O professor aponta que houve estratégias para barrar essas ações reivindicatórias: “Quando falo que houve investidas em desmobilização dos movimentos de reivindicação de direitos (e não apenas dos docentes, mas dos técnicos-administrativos e estudantes), me refiro inicialmente ao MEC [Ministério da Educação] e à estrutura dos poderes governamentais, que inviabilizaram o diálogo com os sindicatos de forma intransigente”, diz.

Segundo ele, o “discurso de Camilo Santana [ministro da Educação], ao anunciar o PAC em reunião com reitores, foi ultrajante e recebido com indignação pela base docente que compõe as tantas universidades que aderiram à greve e que propuseram uma pauta consistente e viável, em face do desmonte levado às ultimidades nos anos de 2016 a 2022”.

Nesse contexto, acrescenta, “a frase despropositada do presidente Lula, estimulando projetos de Inteligência Artificial, não encontrou eco na terra arrasada, mas possivelmente agradou os conglomerados de educação e tecnologia (krotons e lemanns da vida) e a própria mídia coorporativa, que há anos disputa o protagonismo e o orçamento da educação pública.
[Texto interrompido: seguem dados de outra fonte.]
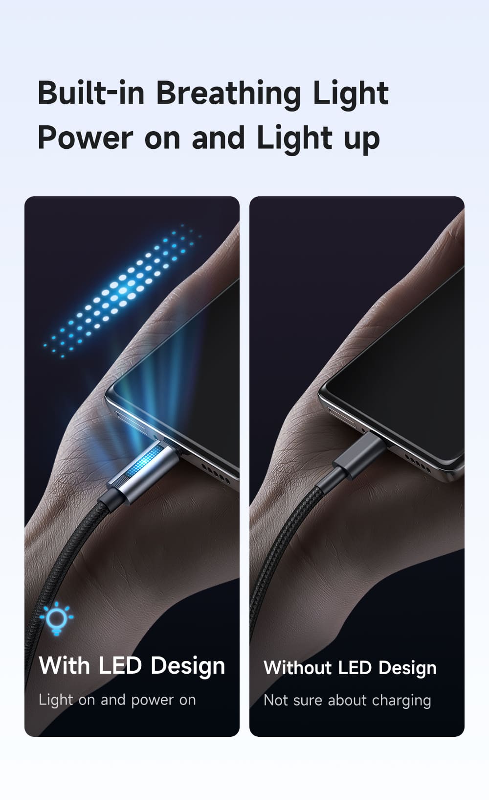 💡 Đèn Báo Sạc "Hơi Thở" Thông Minh: Tích hợp đèn LED với hiệu ứng 'thở' tinh tế, không chỉ giúp bạn dễ dàng xác định trạng thái sạc và vị trí cáp trong bóng tối, mà còn tạo nên một điểm nhấn công nghệ đầy phong cách.

Como se sabe, o sucateamento e a precarização da educação pública têm escola, partido”.

Ele cita exemplos, “bem básicos”, que exibem as contradições que docentes, discentes e técnicos enfrentam cotidianamente, que são a exigências para que se tenha uma produção acadêmica de excelência (no tripé ensino, pesquisa e extensão). “Alguns programas de pós-graduação, que fazem pesquisas de ponta, estão sem verba Proap já no mês de setembro, mesmo com toda a prudência, dedicação e atenção de seus coordenadores”, ressalta, lembrando que o programa é a verba destinada a passagens e diárias para participação em eventos, publicações e outros investimentos vitais para o funcionamento adequado de pesquisas.

Cita também outro ponto que revela essas contradições, nas editoras universitárias. “A editora da Ufes tem uma equipe e um trabalho editorial primoroso e um catálogo que revela as instigantes pesquisas feitas na universidade. Nesse momento, há algumas dezenas de livros prontos que aguardam recursos para publicação. E não estamos nem falando na assistência estudantil, que é fundamental para os anseios de uma universidade popular e de compromisso social”, destaca.

Esse ponto de vista é explicitado por Gaspar em textos reflexivos, como o que leva o título A importância do dissenso no espaço universitário, no qual destaca: “Desde o início da greve, houve esse chamamento ao diálogo sobre esse tema. No entanto, na Ufes, a base docente e discente foi surpreendida com a informação oficial de normalidade de atividades em se tratando de questões e prazos que implicassem a pós-graduação. Já nos primeiros dias, a PRPPG Ufes manifestou-se oficialmente nesses termos”.

O ofício encaminhado às coordenadoras e coordenadores de Programas de Pós-Graduação naquela ocasião, prossegue, “vilipendiou o movimento docente que luta por direitos, por recomposição do orçamento e pelo funcionamento das universidades públicas brasileiras, entre outras pautas urgentes, e perdeu a oportunidade de redimensionar os problemas enfrentados pelos PPG’s e o seu papel no todo da universidade”.

“Essas e outras questões revelam a frustração que toma de assalto a vida docente – em angústias e ansiedades cada vez mais crescentes –, fruto da percepção que seu espaço de trabalho é teleguiado pelo mercado, já que a própria universidade assume os ares, as normas e a operacionalidade de empresas privadas”, reforça Gaspar.